予定価格を超えた入札は無効となり、落札候補から除外されます。その場合、他の入札者が落札するか、全入札者が予定価格を超えた場合は「入札不調」となります。
Q2. 予定価格はどうやって推測する?
発注機関が事後公表している過去の落札結果(落札価格・落札率)や、類似案件の積算基準を参考にします。国の機関の場合、国土交通省の積算基準や人件費単価表が公開されているため、これをベースに積算することが有効です。
Q3. 予定価格より安く入札すれば必ず落札できる?
価格競争(最低価格落札方式)では、予定価格以下の最低価格が原則落札となります。ただし、最低制限価格が設定されている場合はその下限も条件になります。総合評価落札方式やプロポーザルでは価格以外の評価項目もあるため、最安値が必ずしも勝者ではありません。
Q4. 積算能力がない場合はどうすればよい?
外部の積算業者やコンサルタントを活用する方法があります。また、DEBONOでは入札仕様書の読み込みから積算・提案書作成まで一貫サポートを提供しています。

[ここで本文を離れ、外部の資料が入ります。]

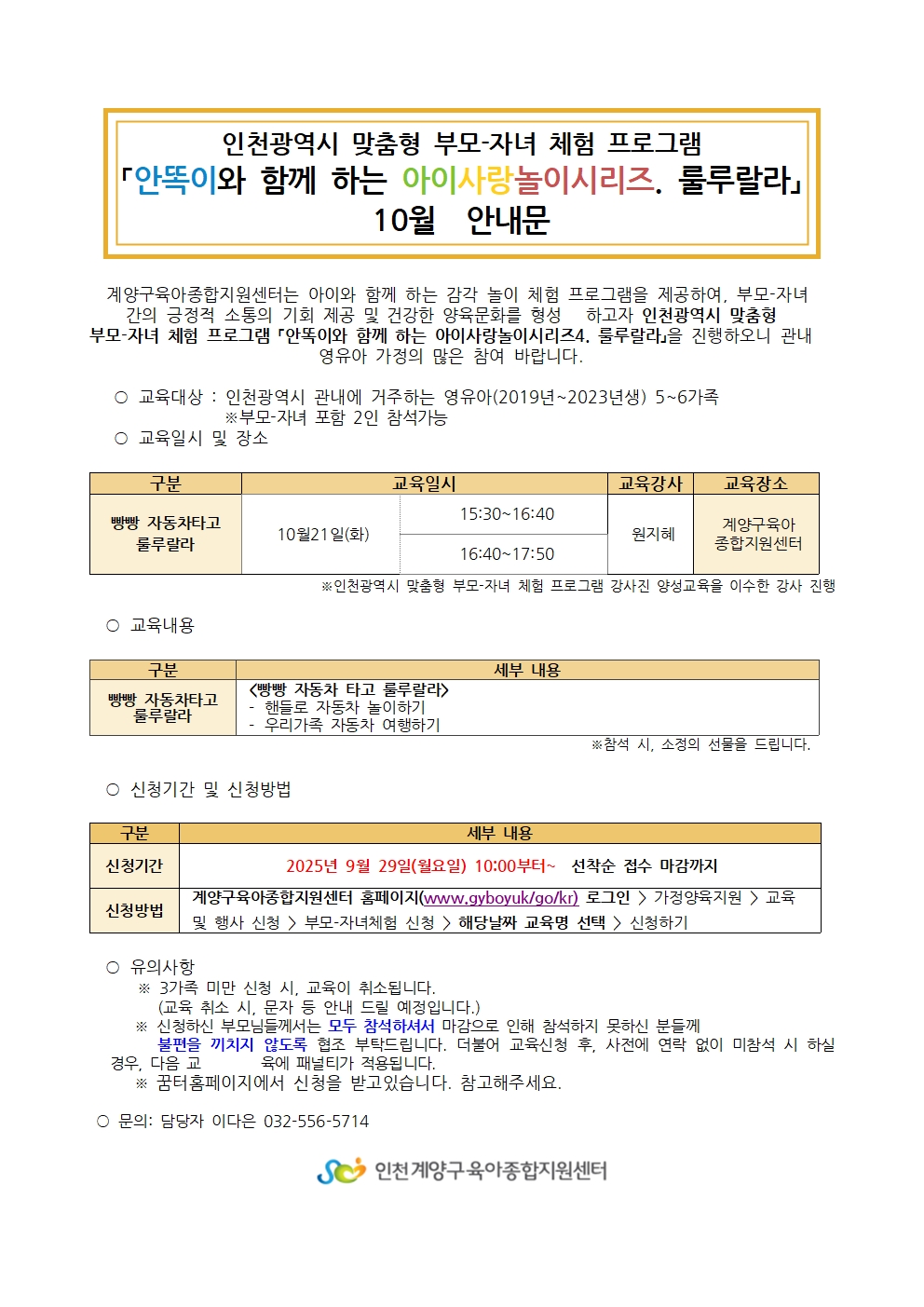 | 기타사항 | **참여 안내 및 유의사항** ※3가족 미만 신청 시 교육이 취소될 수 있습니다. (취소 시 전화 혹은 문자로 안내드리겠습니다.) ※신청하신 부모님들께서는 모두 참석해 주시기 바랍니다. 당일취소 및 무단불참시 9월 체험 및 교육신청에 제한됩니다. ※부득이한 사정으로 취소 시, 반드시 전화로 연락해 주세요 (032-556-5714). ※해당 연령대에 맞지 않는 신청은 취소될 수 있습니다. 양해 부탁드립니다. ※체험 당일 참석 여부 확인 전화를 받지 않으실 경우, 대기자로 순번이 넘어갈 수 있습니다. ※동일 강의에 대해서는 1회만 신청 가능하며, 중복 신청 시 취소됩니다. |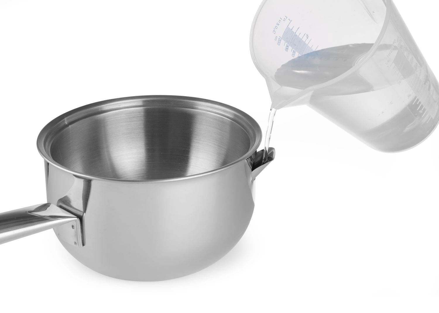 Rondel z nerezové oceli o objemu 1 l. Má dvojité stěny se zásobníkem na vodu, který zabraňuje připalování tekutin. Je vybavena nezahřívací rukojetí a praktickou nálevkou pro doplňování vody.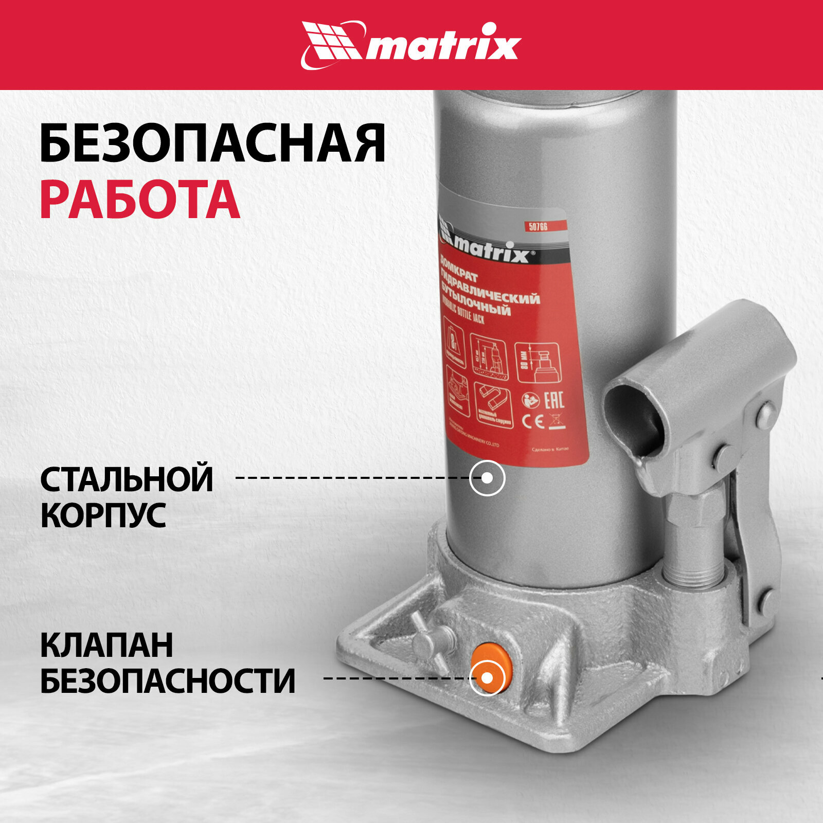 Домкрат гидравлический бутылочный Matrix 50766, 8 т, h подъема 230–457 мм

Q5. 工事の予定価格と役務の予定価格は算出方法が違う?
基本的な構造(直接費+間接費+一般管理費等)は同じですが、工事は国土交通省の積算基準、役務は人件費単価・外注費・経費の積み上げといった形で、参照する基準が異なります。役務の場合は標準的な積算基準が公開されていないケースも多く、市場価格調査を組み合わせた積算が必要です。
まとめ
予定価格は、発注機関が入札の前に内部で定める契約金額の上限です。予定価格を超えると無効、最低制限価格を下回ると失格という二重の価格制約の中で、いかに適切な入札価格を設定するかが競争の核心です。積算能力を磨き、過去の落札データを分析することが、入札受注率向上の近道になります。